It was 1946, World War II had just come to a close, and firearms didn't quite have the onus they do today: Everyone in Roberta Gubbins' neighborhood had a BB gun. Children would dart behind trees, playing cowboys 'n' Indians and war, and Gubbins wanted a gun of her own.
"My dad wouldn't let me have a BB gun," says Gubbins, the 71-year-old editor of the Ingham County Legal News. "Said they were dangerous; said they'd put your eye out.
"Instead, he gave me a .22-caliber rifle. Said that if I was going to learn how to shoot, I was going to learn how to shoot. Turned out that I was pretty good at it."
Gubbins says she competed in riflery all through high school, making national records and earning accolades. When she got to the University of Michigan in the mid-'50s, she joined the women's rifle club.
"The women's club never went anyplace," she says. "We had postal matches our scores were mailed back and forth between schools never face to face."
So Gubbins shot for the men's rifle team, where she was accepted by her coaches and teammates. ("We'd go to rifle ranges, and of course they wouldn't have bathrooms for ladies," she says. "So the guys would guard the doors, and I'd just use the john. It's all the same! What difference does it make?")
This carried on for about two years, she says, until the Big Ten conferred one summer and informed her that she could no longer shoot on the men's rifle team. The grounds? Apparently, the rule book said "he" not "she."

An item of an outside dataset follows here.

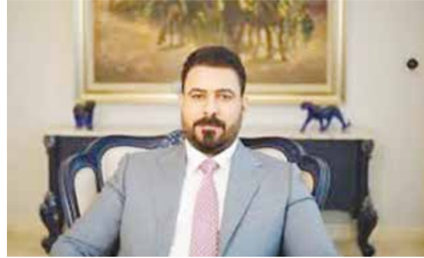
○ رئيس الحكومة العراقية مصمم على حصر السلاح بيد الدولة.

بزعامة مقتدى الصدر. وقالت مصادر صحفية عراقية إن خمسة فصائل مسلحة عراقية تجري مفاوضات مع الحكومة لتسليم سلاحها للدولة. ويترب أن تعلن كتائب حزب الله العراقي وحركة النجباء وكتائب الشهداء وفصائل أخرى عرف عنها رفع راية القتال ضد القوات الأمريكية في العراق والمنطقة بعد أن كشفت قوى الإطار التنسيقي الشيعي موقفها الصريح الداعم لحكومة العراقية من قضية حصر السلاح بيد الدولة وحصر قرار إدارة الحرب بالدولة وأن أي فعل خارج هذا الإطار يعد خروجاً على القانسون ومبادئ الدولة الدستورية.

Gubbins' coach was furious, and made sure her story gained widespread publicity. She says that she even received a letter from a G.I. in Japan who read it in Stars and Stripes, the U.S. military newspaper.
"It was kind of a perfect storm at a time when women were beginning to speak out," she says. "We've been working in the factories, and then the men come home and tell us to go back into the kitchen. So the women say, 'I don't think so.'"
Articles were published for months, she says, and caused such a furor that the Big Ten finally conceded and allowed her back on the team.